→ INSTRUCTIONS TO FOLLOW
The answer must consist solely of the lines from the one containing "A Sapatilha com" through the last line of the records, set down exactly and without any pictures.

→ ENTRIES SHOWN

━━━━━━━━━━━━━━━━━━━━━━━━━━━━━━

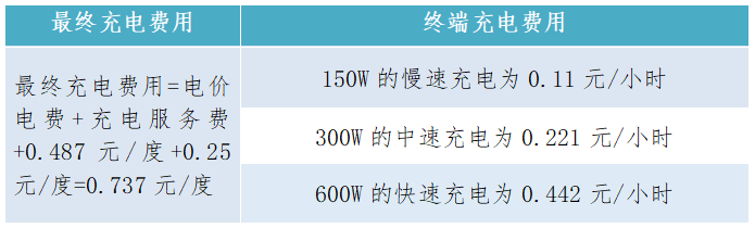 據(jù)市場統(tǒng)計,運營商充電服務費一般為:0.4-0.6元/度。為進一步降低充電費用,引入充電站廣告商,將廣告租金的60%補貼至充電站運營商,以降低充電服務費,根據(jù)盈利效益測算,同運營商溝通,可降低充電服務費至0.12-0.25元/度,按0.25元/度計算最終充電費用如下表所示。
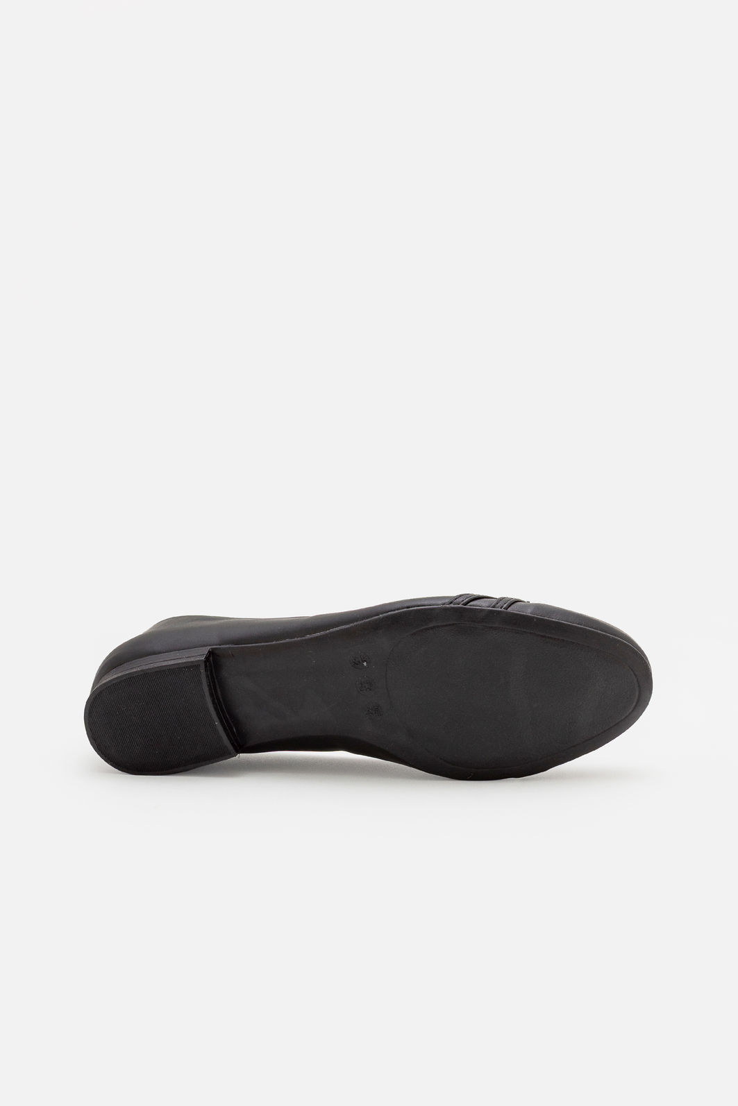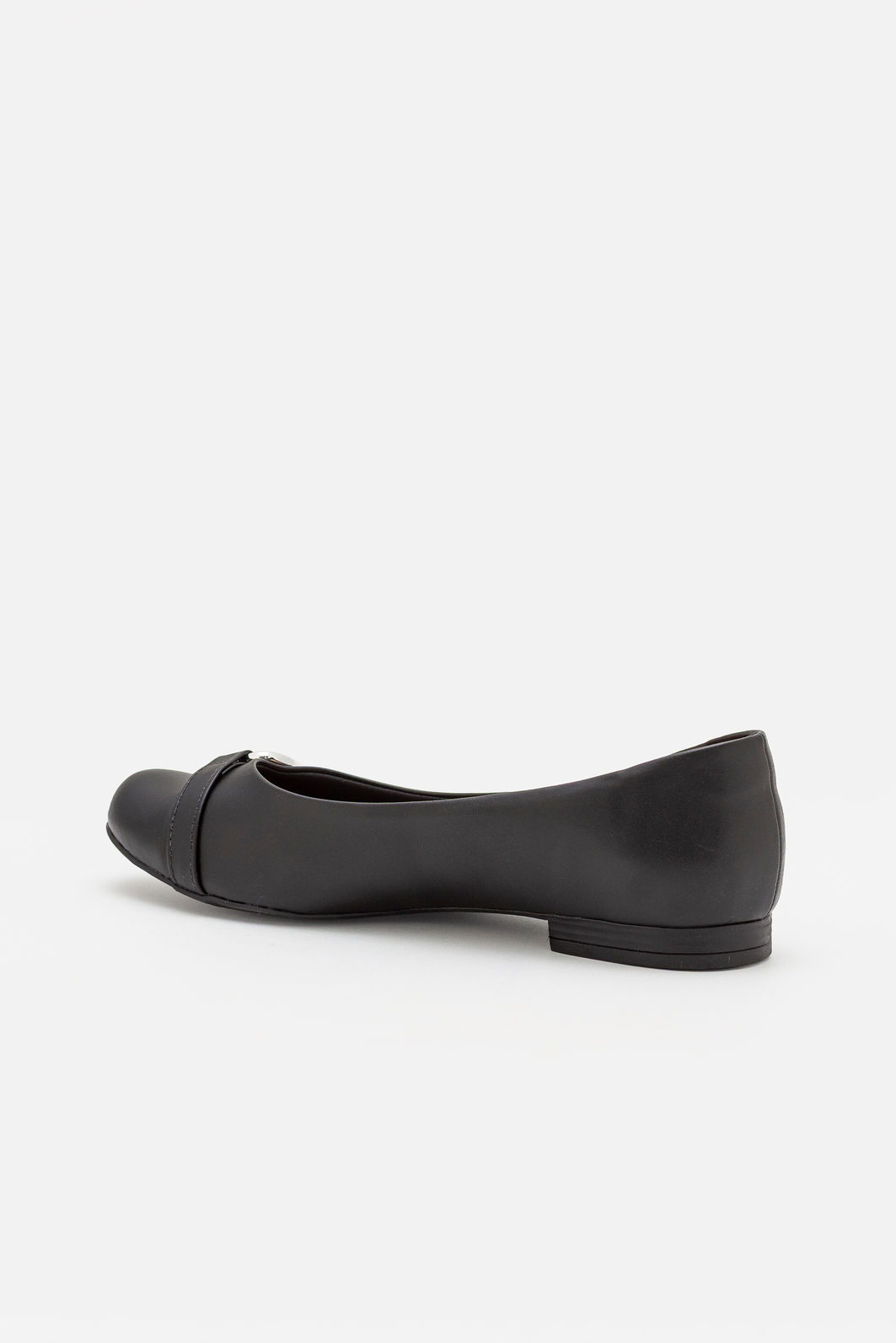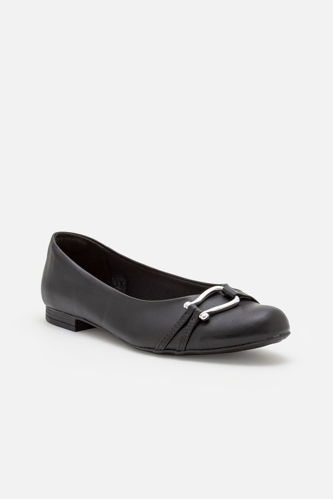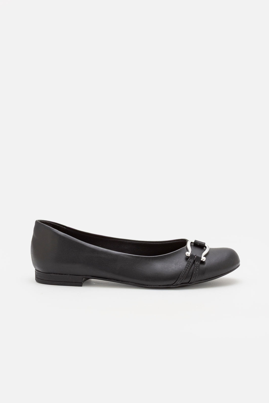 A Sapatilha com Bico Redondo e Enfeite Metálico Preta é a escolha ideal para quem valoriza elegância e conforto em um único calçado. Seu design clássico ganha destaque com o delicado detalhe metálico na parte frontal, que adiciona um toque moderno e refinado à produção.
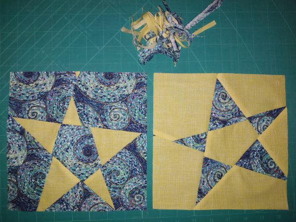 Même en faisant exprès de m’éloigner du dessin de l’étoile régulière et symétrique, j’ai réussi à faire 2 blocs équerrés à 20 cm. Les pointes sont coupées ? Pas grave !! Si vous faites le dessin régulier, cela ne vous arrivera pas.
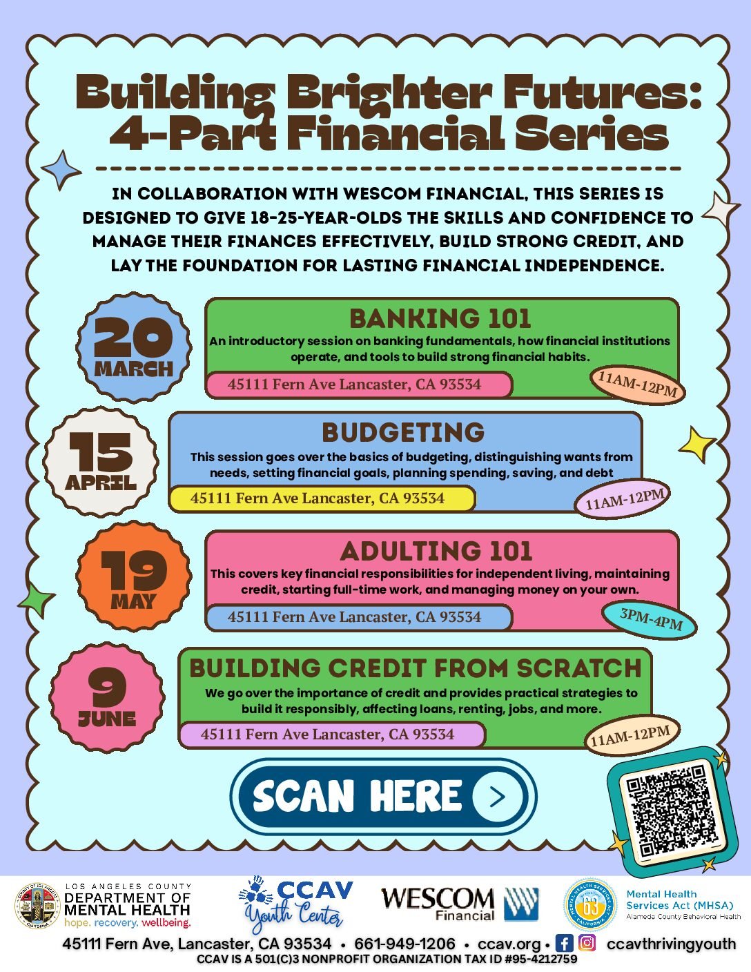 In collaboration with Wescom Financial, this series is designed to give 18-25-year-olds the skills and confidence to manage their finances effectively, build strong credit, and lay the foundation for lasting financial independence.
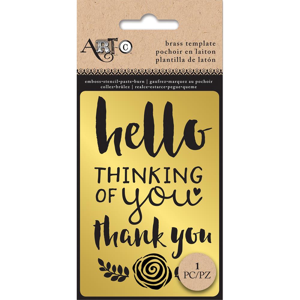 Thinking Of You brass embossing template from Momenta Art C. Template measures about 3-7/8x2-5/8 inches. Includes hello, thinking of you, thank you and flower.

━━━━━━━━━━━━━━━━━━━━━━━━━━━━━━

→ OUTPUT BELOW
 A Sapatilha com Bico Redondo e Enfeite Metálico Preta é a escolha ideal para quem valoriza elegância e conforto em um único calçado. Seu design clássico ganha destaque com o delicado detalhe metálico na parte frontal, que adiciona um toque moderno e refinado à produção.
 Même en faisant exprès de m’éloigner du dessin de l’étoile régulière et symétrique, j’ai réussi à faire 2 blocs équerrés à 20 cm. Les pointes sont coupées ? Pas grave !! Si vous faites le dessin régulier, cela ne vous arrivera pas.
 In collaboration with Wescom Financial, this series is designed to give 18-25-year-olds the skills and confidence to manage their finances effectively, build strong credit, and lay the foundation for lasting financial independence.
 Thinking Of You brass embossing template from Momenta Art C. Template measures about 3-7/8x2-5/8 inches. Includes hello, thinking of you, thank you and flower.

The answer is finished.